Carrying out color value trend judgment on image data of a plurality of angles on the surface of the copper flat wire, and extracting abnormal points which do not accord with the color value trend;
And confirming whether the surface of the copper flat wire has characterization defects according to the occupation size of the abnormal point positions.
Further, the packet stacking rate monitoring module is configured to perform the following steps:
Acquiring image data of a copper flat wire wrapped by a polyimide film in a wrapping process;
Preprocessing image data, including image denoising, contrast enhancement and distortion correction;
Inputting the preprocessed image data into a pre-trained semantic segmentation model, and classifying the polyimide film and the copper flat wire in the image to obtain a segmentation mask of the polyimide film and the copper flat wire;
Extracting the width of the polyimide film through a segmentation mask of the polyimide film;
and calculating the wrapping rate of the polyimide film by the width of the overlapping area of the polyimide film on the copper flat line and the width of the polyimide film.

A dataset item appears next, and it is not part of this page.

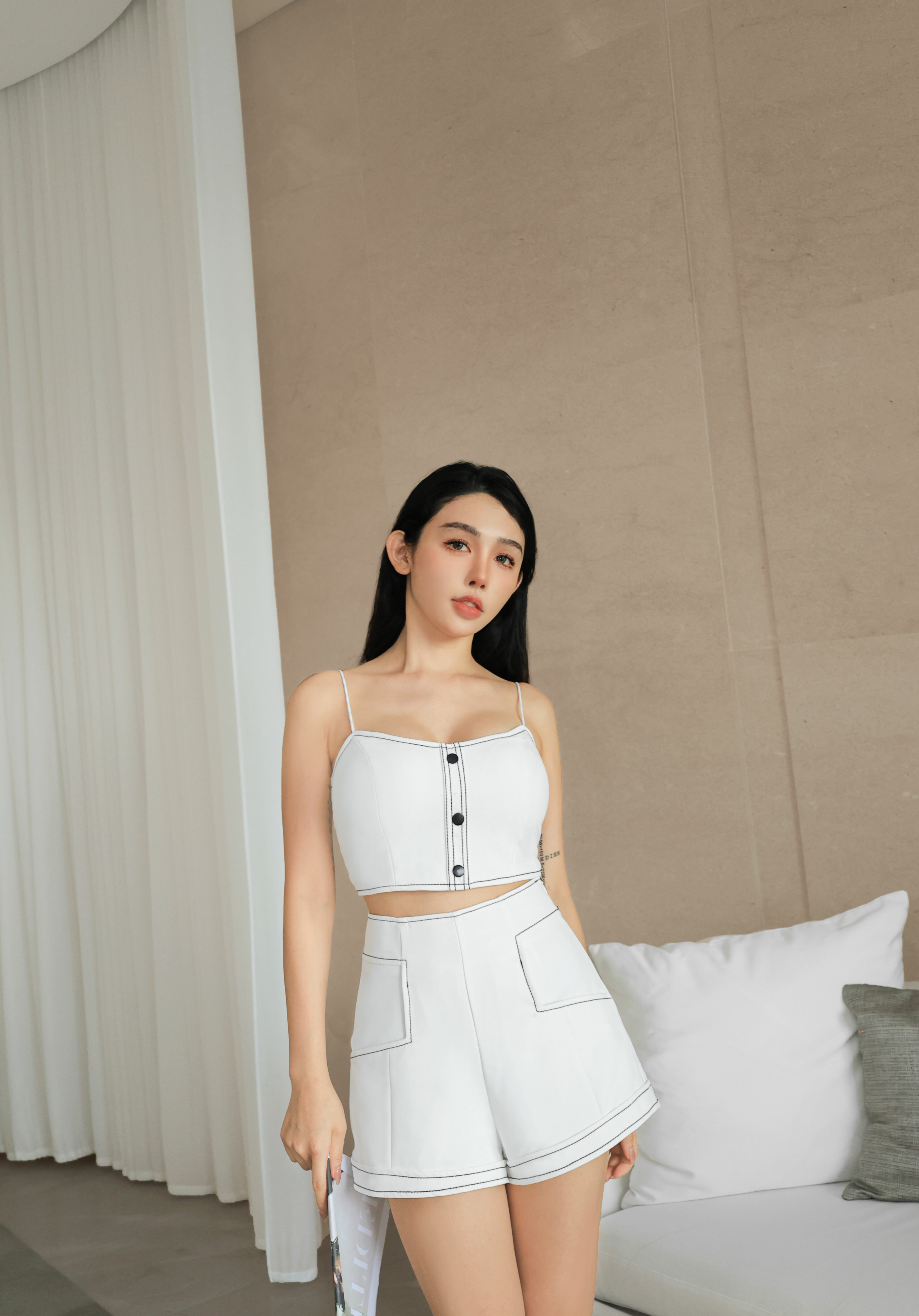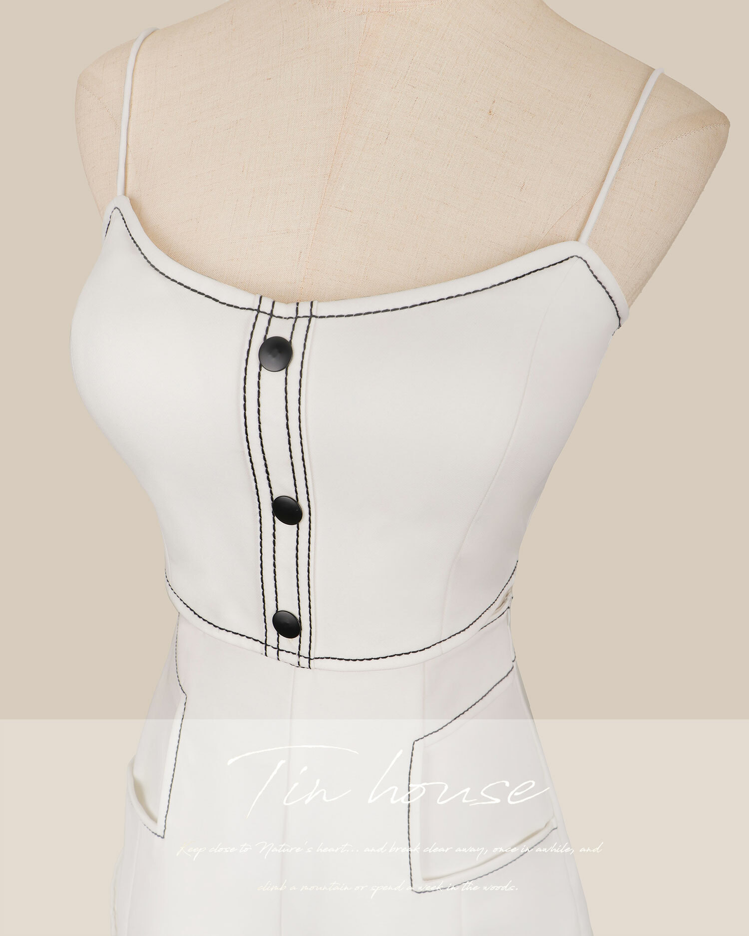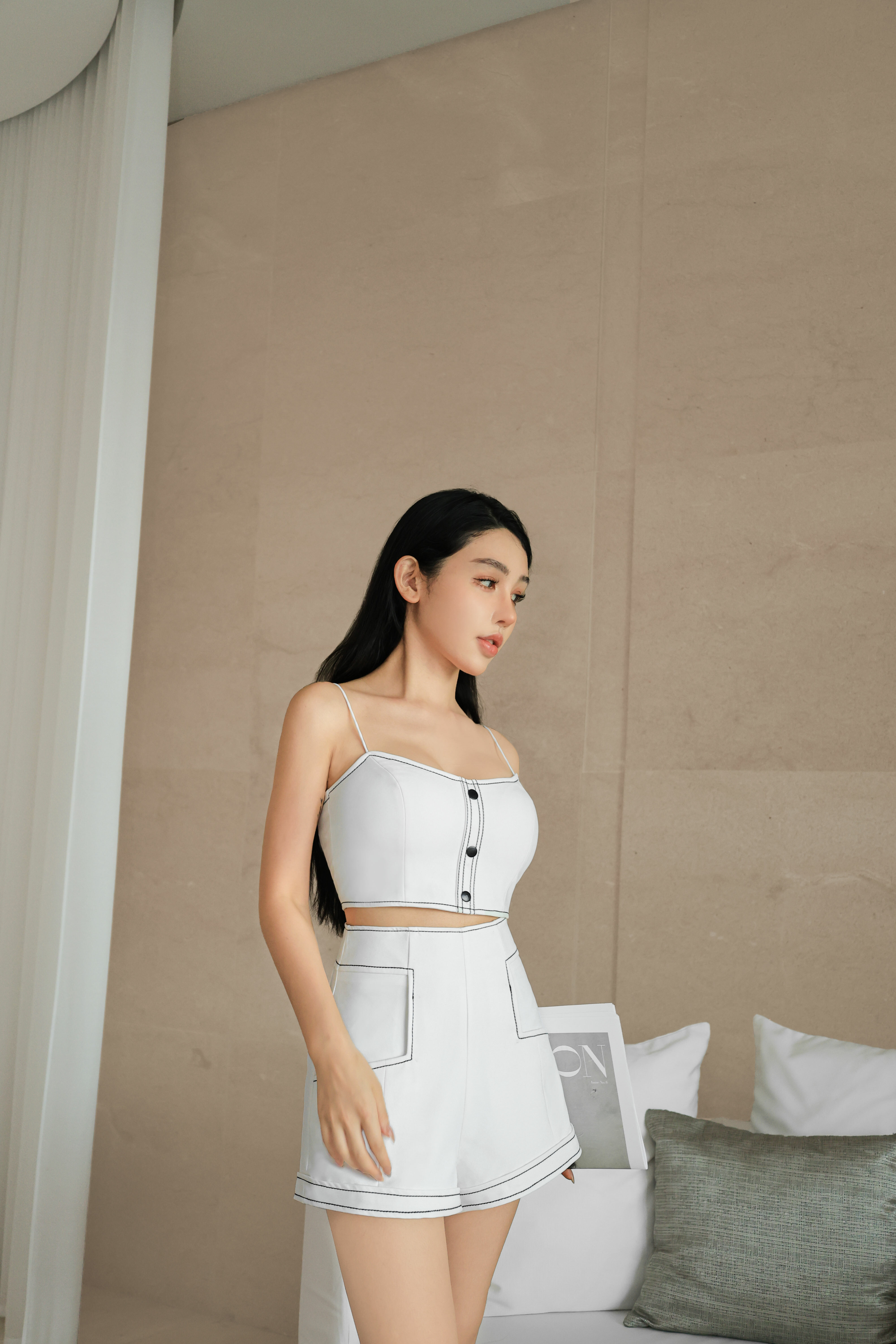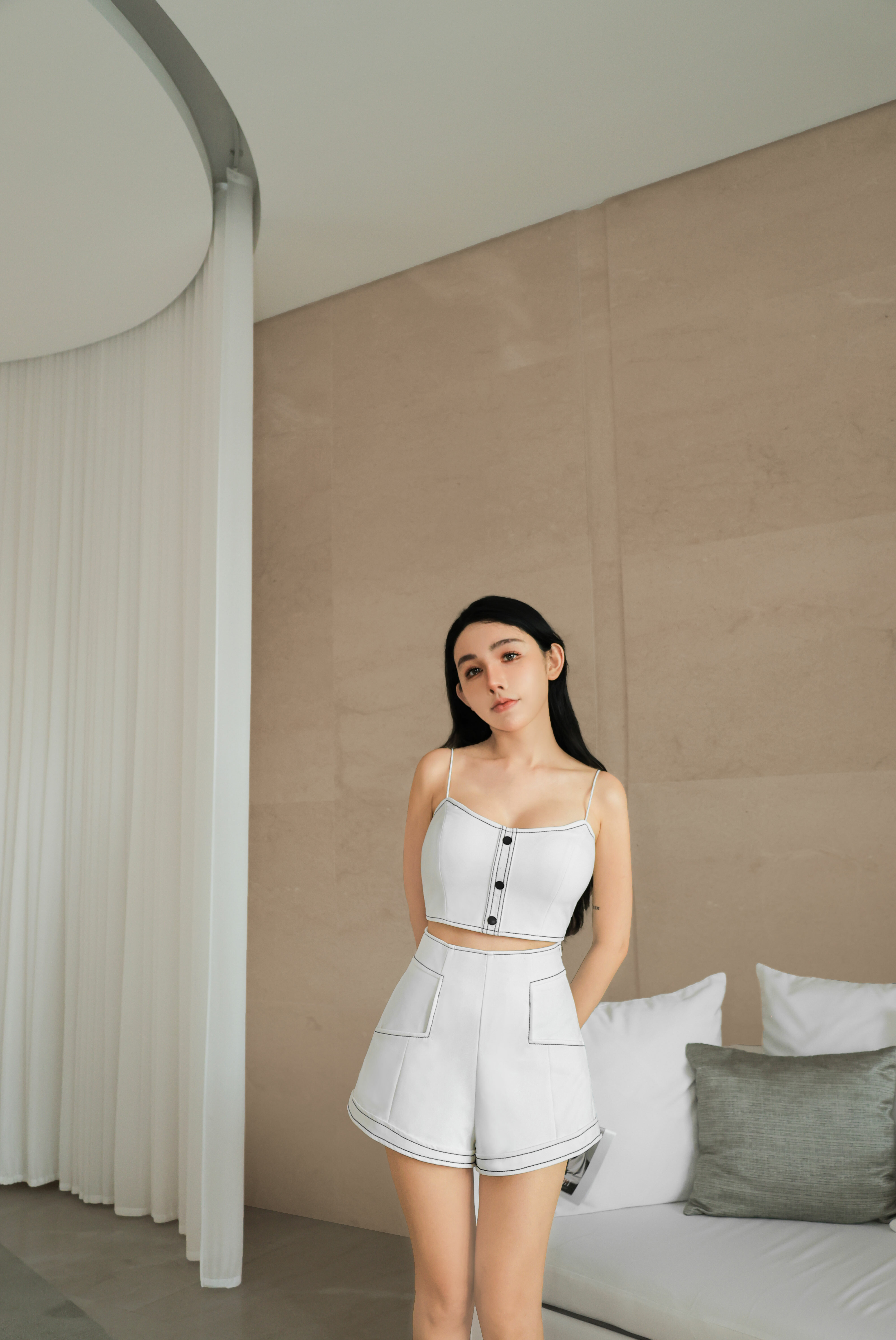 白色因有些微透光性,褲子後口袋造型為裝飾

Further, the training step of the semantic segmentation model includes:
acquiring an image data set of a polyimide film and a copper flat wire in a wrapping process, and carrying out pixel data annotation on the polyimide film and the copper flat wire in the image;
The method comprises the steps of constructing a semantic segmentation model, wherein the semantic segmentation model comprises an encoder and a decoder, the encoder performs downsampling and feature extraction on an input image, reduces the spatial resolution of a feature map and increases the channel number of the feature map through convolution operation and pooling operation, and captures semantic information of the image;
The decoder carries out up-sampling and semantic segmentation on the features extracted by the encoder, restores the spatial resolution of the feature map through deconvolution layers and jump connection, and maps the semantic information extracted by the encoder to a segmentation result of a pixel level;
Inputting the image data set marked by the pixel data into a semantic segmentation model for training, taking a cross entropy loss function as an optimization target, and iteratively updating model parameters through a random gradient descent algorithm.

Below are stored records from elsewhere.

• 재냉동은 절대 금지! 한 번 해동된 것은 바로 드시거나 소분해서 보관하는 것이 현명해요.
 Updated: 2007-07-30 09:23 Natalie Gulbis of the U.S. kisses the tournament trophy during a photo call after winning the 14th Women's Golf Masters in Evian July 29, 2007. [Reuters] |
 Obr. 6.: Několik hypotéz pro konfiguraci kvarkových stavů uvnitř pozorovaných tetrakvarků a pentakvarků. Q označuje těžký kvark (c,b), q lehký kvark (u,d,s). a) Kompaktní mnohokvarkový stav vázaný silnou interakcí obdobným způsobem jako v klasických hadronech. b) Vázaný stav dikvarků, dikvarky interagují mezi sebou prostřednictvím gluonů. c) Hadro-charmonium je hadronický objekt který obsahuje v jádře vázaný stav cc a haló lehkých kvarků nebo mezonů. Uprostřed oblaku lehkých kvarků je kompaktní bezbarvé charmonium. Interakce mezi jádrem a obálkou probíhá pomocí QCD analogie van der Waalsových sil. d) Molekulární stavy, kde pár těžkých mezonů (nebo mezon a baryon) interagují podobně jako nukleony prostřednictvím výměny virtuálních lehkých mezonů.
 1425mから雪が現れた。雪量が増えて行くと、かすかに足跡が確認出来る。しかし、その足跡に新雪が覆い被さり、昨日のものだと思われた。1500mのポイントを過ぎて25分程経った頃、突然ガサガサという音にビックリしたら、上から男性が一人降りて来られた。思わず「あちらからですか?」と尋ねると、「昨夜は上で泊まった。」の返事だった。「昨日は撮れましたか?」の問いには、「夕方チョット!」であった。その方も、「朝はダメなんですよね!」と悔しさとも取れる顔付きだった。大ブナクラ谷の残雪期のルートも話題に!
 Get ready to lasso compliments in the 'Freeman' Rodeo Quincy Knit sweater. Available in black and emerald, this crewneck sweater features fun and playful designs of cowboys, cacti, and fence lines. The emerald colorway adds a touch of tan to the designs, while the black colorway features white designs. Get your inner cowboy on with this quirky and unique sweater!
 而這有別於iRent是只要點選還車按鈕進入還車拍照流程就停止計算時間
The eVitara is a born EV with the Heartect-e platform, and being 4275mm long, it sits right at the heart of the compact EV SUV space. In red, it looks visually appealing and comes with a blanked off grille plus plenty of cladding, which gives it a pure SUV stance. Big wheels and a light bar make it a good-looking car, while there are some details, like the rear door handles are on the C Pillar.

Further, the convolution operation is formulated as follows:
;
Wherein, Is an input image; For inputting images In the first placeOutputting the characteristics of the layers; Is connected to Layer and the firstA weight matrix of a kth convolution kernel of the layer; For inputting images In the first placeOutputting the characteristics of the layers; Is the first Bias of the layer; is an activation function; Is the number of convolution kernels.
Further, the sintering temperature control and the annealing cooling temperature control are respectively performed through a preset sintering working temperature and a preset annealing cooling temperature and corresponding preset time.
Further, the step of constructing a decision model by deep learning based on the difference value between the insulation rate of the copper flat wire and the preset standard insulation rate, the wrapping rate, the polyimide film width and the advancing rate of the copper flat wire comprises the following steps:
Defining a state space, wherein the state space comprises a difference value between the insulation rate of the copper flat wire and a preset standard insulation rate, a wrapping rate, a polyimide film width and a pushing rate of the copper flat wire;
and constructing a decision model based on the state space, the action space and the reward function, performing reinforcement learning training through historical data, and limiting the difference between new and old strategies in the iterative training process through a near-end strategy optimization algorithm.
Further, the objective function formula of the near-end policy optimization algorithm is as follows:
;
Wherein, Is an objective function; representing an expected value for time step t; the probability ratio of the new strategy to the old strategy in the time step t is the strategy; is a dominance function, generated by the difference calculation between the actual return and the baseline; is a super parameter; for limiting probability ratio For applying, by clipping operationsIs limited toAndBetween them; representing a minimum taking operation.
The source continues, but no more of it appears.